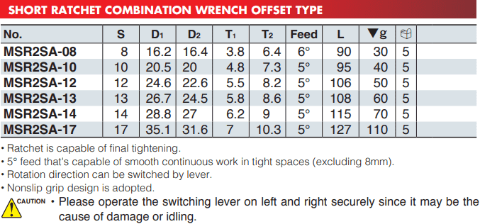 - Cờ lê KTC MSR2SA-12, cờ lê vòng miệng KTC MSR2SA-12, KTC combination spanner MSR2SA-12: thuộc dạng 1 đầu tròng, 1 đầu hở, size đầu: 12 mm, chiều dài cờ lê: 106 mm, chuyên dùng để siết bulong, đai ốc trong công nghiệp.
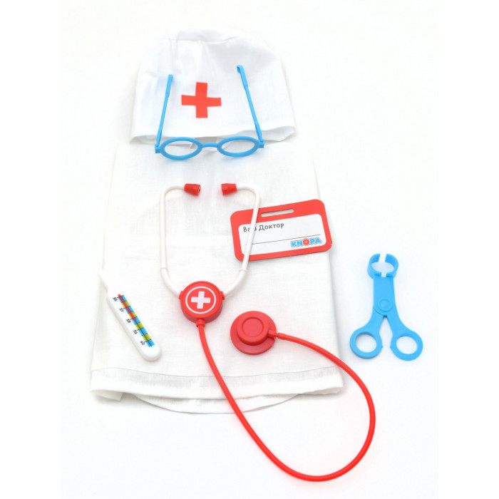 Доктор - это первый специалист, с которым сталкивается малыш в познании большого мира профессий. Детский набор "Доктор" собрал все необходимые атрибуты этой профессии включая шапочку и халат.
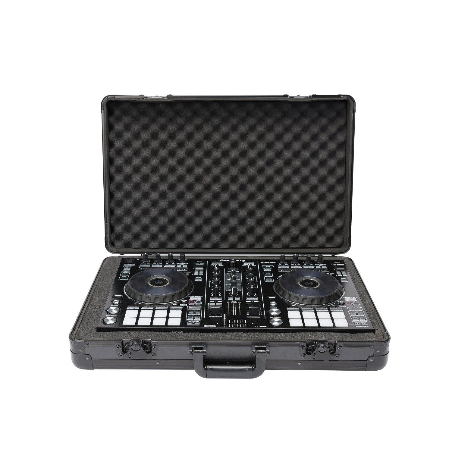 Caixa do controlador de tamanho grande. Construção em MDF laminado e perfis de alumínio anodizado, com fechaduras borboleta (pode ser fixado com cadeado). Interior totalmente acolchoado com espuma EVA de 5 mm e espuma em relevo de 3 cm de espessura na tampa. Inclui peças de espuma de 2,5 e 3,5 cm para criar compartimentos para controladores, misturadores de batalha, portáteis ou pequenos acessórios. Alça de transporte confortável e opção para adicionar uma correia. Medidas: exterior 41,5 x 63 x 16 cm, interior 37 x 60 x 11 cm. Peso: 4.7 kg
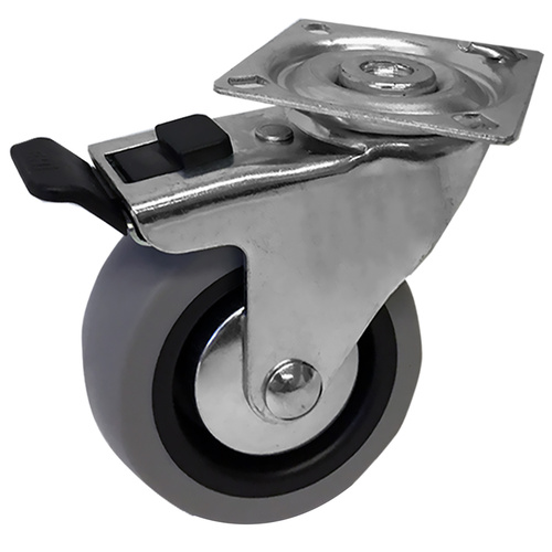 High quality versatile castor with grey rubber wheel, 75mm diameter and 55kg load capacity. Soft grey rubber is non-marking and quiet.
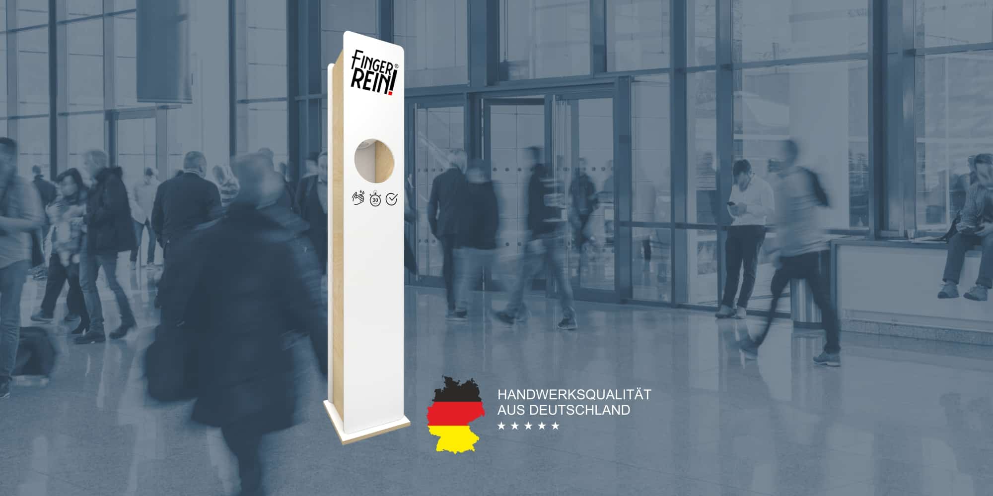 Das kontaktslose Hände-Desinfektionsmittelspendermöbel ist ideal für die Gewährleistung von Hygienestandards für hochfrequente Bereiche wie zum Biespiel für Eingangsbereiche, Schulen, Geschäfte, Hallen, Artzpraxen, Kliniken und andere öffentliche Bereiche. Jetzt neu – Frontdesign mit individueller Grafik.
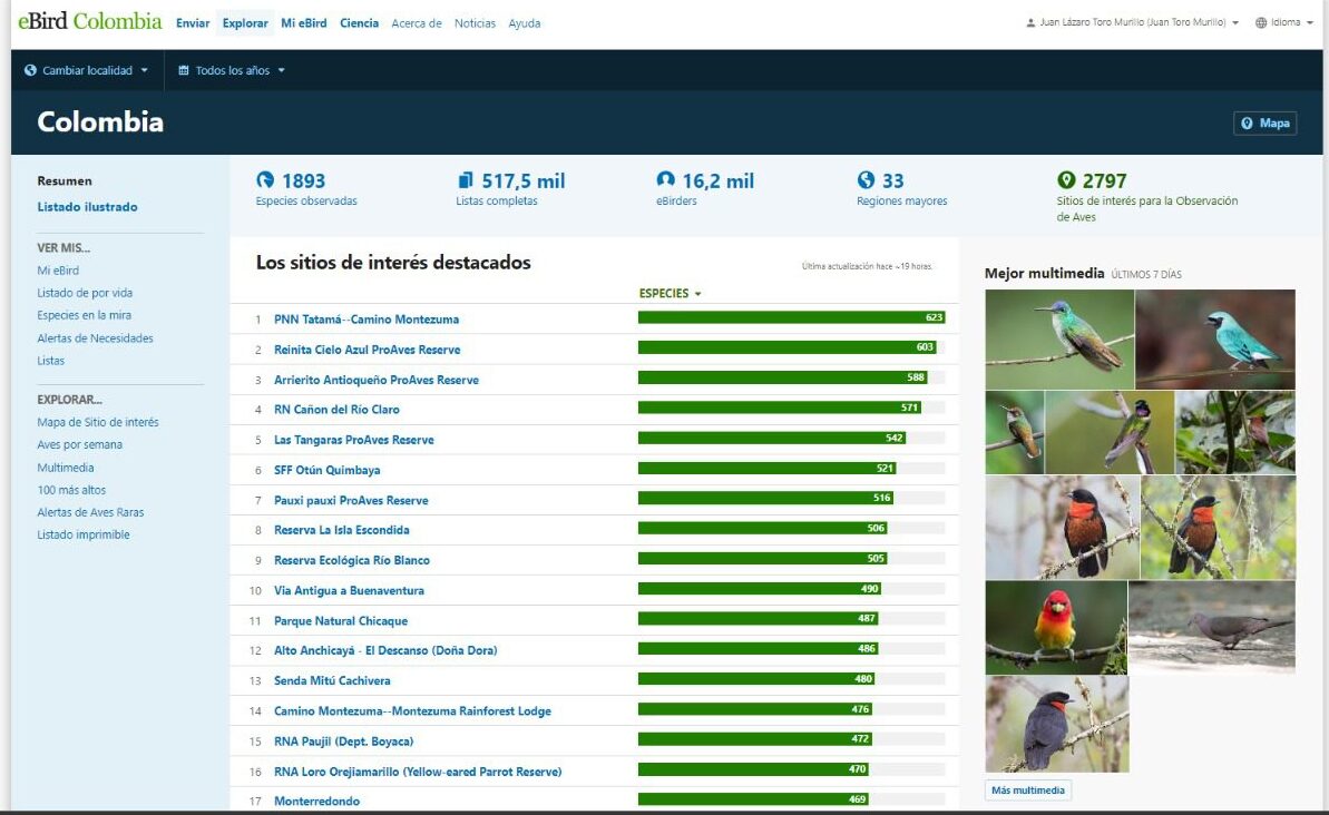 eBird es una herramienta lanzada en el 2012, que permite registrar y contabilizar el número de individuos por especie durante los recorridos de avistamiento, lo cual, se convierte en un ejercicio de ciencia ciudadana porque al realizar este tipo de registro en la plataforma, se aporta información valiosa como registro de presencia, fotos, observaciones y sonidos de las especies de aves avistadas en un recorrido. En Colombia 16.100 ornitólogos o aficionados cargan información a esta plataforma, donde, a 31 de agosto de 2022, se contó con 514.200 listados de 2.796 sitios en el registro.

» **PROBLEM TO SOLVE**
Can the lines from the start of the records through the line with "Доктор - это" be given again exactly, with the pictures left out?

» **OUTPUT FOR THIS EXERCISE**
 - Cờ lê KTC MSR2SA-12, cờ lê vòng miệng KTC MSR2SA-12, KTC combination spanner MSR2SA-12: thuộc dạng 1 đầu tròng, 1 đầu hở, size đầu: 12 mm, chiều dài cờ lê: 106 mm, chuyên dùng để siết bulong, đai ốc trong công nghiệp.
 Доктор - это первый специалист, с которым сталкивается малыш в познании большого мира профессий. Детский набор "Доктор" собрал все необходимые атрибуты этой профессии включая шапочку и халат.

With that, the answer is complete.